Les dirigeants du Parti libéral envisageaient hier soir d'exclure du caucus la députée Fatima Houda-Pepin, après qu'elle fut entrée en collision avec son chef Philippe Couillard lors d'une réunion à huis clos, mercredi.

> À suivre ce matin: point de presse de Philippe Couillard à 10h00

Estimant qu'elle ne jouait pas le rôle d'avant-plan qu'elle aurait mérité sur les questions de laïcité, elle a claqué la porte, furieuse, et quitté la réunion sur-le-champ.

Une conférence téléphonique à laquelle a participé Philippe Couillard conclut que la députée de La Pinière a posé «des gestes de rupture» qui rendent difficile la poursuite de sa carrière comme députée libérale. La position de Mme Houda-Pepin sur la délicate question de la laïcité est carrément opposée à celle de son parti.

Avant le caucus de mercredi, Mme Houda-Pepin avait frappé un mur avec son intention de déposer un projet de loi pour lutter contre l'intégrisme religieux au Québec. Son ébauche de projet de loi ressemblait davantage à un manifeste politique, ont confié des sources libérales. Elle y reprenait les propositions de Bouchard-Taylor, l'interdiction du port de signe religieux pour les fonctionnaires en autorité. Surtout, elle préconisait aussi une instance de surveillance des manifestations d'intégrisme religieux au Québec.

Après que La Presse eut laissé quelques messages sur sa boîte vocale, en début d'après-midi, Mme Houda-Pepin a exprimé ses doléances dans une lettre. Elle y concentre ses critiques sur des déclarations de son collègue Marc Tanguay, sur le tchador, des propos qui l'ont «sidérée, blessée et choquée». M. Tanguay, qui fait partie du comité du PLQ sur la laïcité, a soutenu publiquement que les femmes portant le tchador pourraient être candidates pour le PLQ, et une fois élues siéger à l'Assemblée nationale. Or, au préalable ces candidates devraient être cautionnées par le chef du parti, rappelle Mme Houda-Pepin dans sa lettre, réprouvant que son parti puisse proposer comme modèle d'égalité entre les sexes «celui de l'Arabie saoudite ou de l'Iran des ayatollahs». Le tchador «est l'expression même de l'oppression des femmes», écrit-elle. «Suis-je encore dans le Parti libéral dont les élites [...] ont mené un combat courageux pour la séparation de l'Église et de l'État», poursuit-elle, dans sa lettre, où elle dit s'exprimer «en son nom personnel».

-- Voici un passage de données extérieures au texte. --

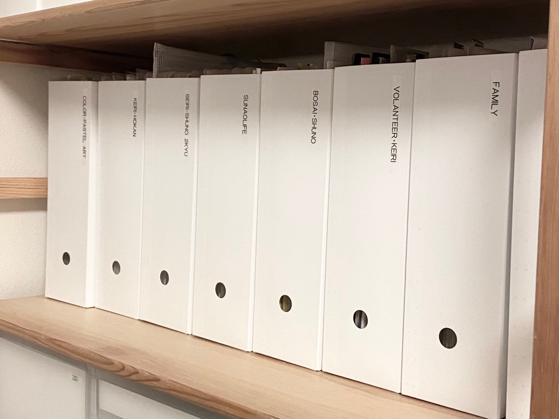 こんな風にジャンルごとに分けて入れてみました。ここには毎日動くファイルはありませんので、ファイルボックスに収納されていても出し入れに手間取ることはありません。

La lettre de la députée libérale

«On est dans un pays libre, Mme Houda-Pepin a droit à ses opinions», s'est contenté de répondre Me Tanguay hier. Cette sortie du député Tanguay, «c'est la goutte qui a fait déborder le vase», écrit Mme Houda-Pepin, rappelant que jamais on n'avait discuté du tchador au sein du caucus libéral. La députée n'a pas rappelé La Presse, pas plus que ses collègues libéraux après son esclandre, à huis clos.

Couillard défié

Au caucus, Mme Houda-Pepin s'est heurtée de plein fouet à Philippe Couillard. «Elle l'a affronté, elle martelait: «Vous ne m'avez nommée nulle part [dans ce dossier]. Vous vous êtes trompé!»», ont confié des témoins. Sollicitée depuis des semaines par les médias pour commenter le projet de charte de Bernard Drainville, Mme Houda-Pepin a fait valoir à ses pairs libéraux qu'elle était à l'Assemblée nationale clairement l'élue qui connaissait le mieux ces questions.

Après le plaidoyer de Mme Houda-Pepin, Philippe Couillard lui aurait répliqué, sans appel, qu'à titre de chef il avait fait un choix, et «estimait avoir mis les bonnes personnes aux bons endroits».

À ses collègues du caucus, Mme Houda-Pepin a souligné être plus proche de la position de la commission Bouchard-Taylor que de celle de son propre parti, qui prône la totale liberté quant au port de signes religieux ostentatoires - à l'exception du voile intégral.